Peng’s contribution occupies a darkened alcove where suspended OLED panels cycle through slow-motion clouds of colour and data-driven topographies. The work belongs to her ongoing series “Sensory Generations,” which interrogates how algorithmic systems can be trained not merely to recognise the world but to remember it. Sensory Generations is a speculative meditation on perception in the age of synthetic reality. Each piece in the series begins with a sensory impulse — a breath, a scent, a sound — and unfolds into a world where the organic and artificial converge.
“Can a dataset long for something it has never truly sensed?” Peng muses in her artist statement. “Scent Breath is my attempt to give code a phantom nostalgia.” The piece resonates with the exhibition’s curatorial through-line: material-immaterial entanglements and the poetics of the post-photographic image.
Peng first gained recognition in 2018, when her visual identity for High Concept Lab’s Open House received an American Graphic Design Award. Though rooted in visual communication, her work has since evolved toward more interactive, user-centered experiences—shaped by a curiosity about how design mediates trust between people and technology. In Scent Breath, this evolution takes on a poetic dimension. “I’m fascinated by how everyday objects train us to trust machines,” she explains. “With Scent Breath, I reverse that flow—I invite the machine to trust our most ephemeral data: scent, breath, memory.”
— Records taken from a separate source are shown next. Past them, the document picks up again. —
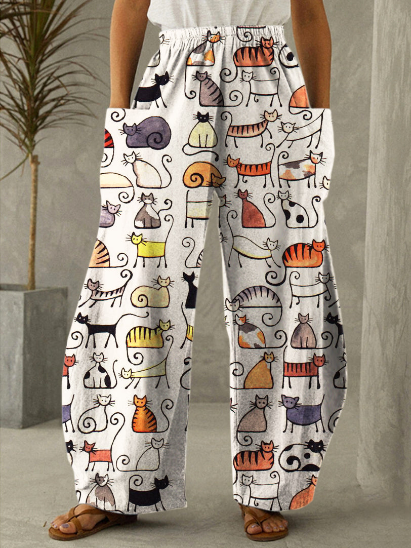 Decrease quantity for Vintage Cat Stick Figures Print Casual Pants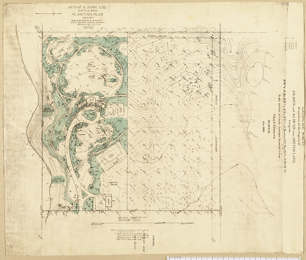 J. B. AGEN & A. G. DUNN, ... BITTER LAKE, [SEATTLE, WA] - PLANTING PLAN; LANDSCAPE SURVEY OF A PORTION OF THE PROPERTY OF ...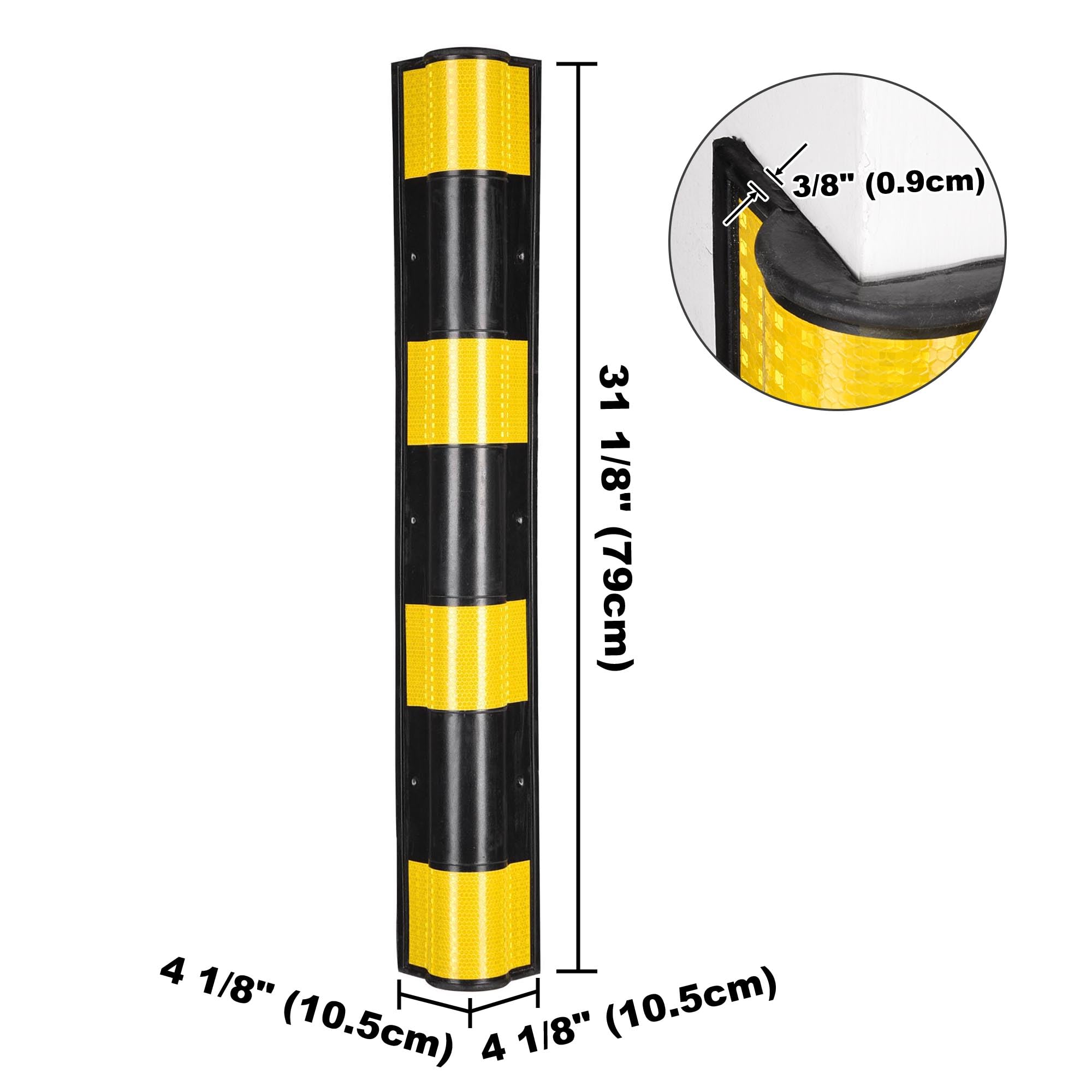Features: - High Visibility - These 2pcs 31" Reflective Corner Guards come in a round shaped design with reflective yellow safety strips to ensure improved visibility especially at night, guiding your driving and parking while providing warnings of potential danger in both daytime and low light conditions - Durable & Corrosion Resistance - Made of sturdy and highly-elastic rubber which provides great resistance to water and corrosion, ideal for being applied to both indoor and outdoor environments - Protective - Designed for protecting your car's body, doors, bumpers and paint from accidental damage due to low speed grazing when parking or slow-driving - Easy Installation - Simple installation procedure by using tapping screws and plastic anchors for permanent installation on walls, without the need of external manpower (tapping screws and plastic anchors are not included) - Wide Application - Designed and made to fit various indoor and outdoor settings such as garages, parking lots, warehouses, offices, etc. Specifications: - Overall Dimension(LxWxH): 31 1/8" x 4 9/16" x 3 1/8" (79 x 11.6 x 8 cm) - Edge Type: Round Shape - Material: Rubber - Net Weight: 7.7 Lbs (3.5 kg) Package Contents: - 2x Corner Guards - 1x Manual Notice: - We recommended using 1/8" x 11 13/16" (3.5 x 30 mm) tapping screws & plastic anchors to install it. - Tapping screws & plastic anchors are not included, please purchase separately.

Participation in “Art On Loop” positions Peng for a busy year ahead. The Holy Art routinely syndicates standout works to its satellite pop-ups in New York and London, and curators from the Seoul MediArt Biennale were reportedly in attendance during the Athens vernissage.
Operating from hubs in London, New York, Paris, Athens and beyond, The Holy Art champions voices through hybrid exhibitions, artist residencies, and an expansive digital archive. Its shows have been staged everywhere from the OXO Bargehouse on London’s South Bank to industrial lofts in Tribeca, drawing thousands of visitors and an international roster of press and institutional buyers. By coupling an agile curatorial model with global syndication, the gallery has reimagined the pipeline through which emerging artists converge with the market and the museum sphere alike.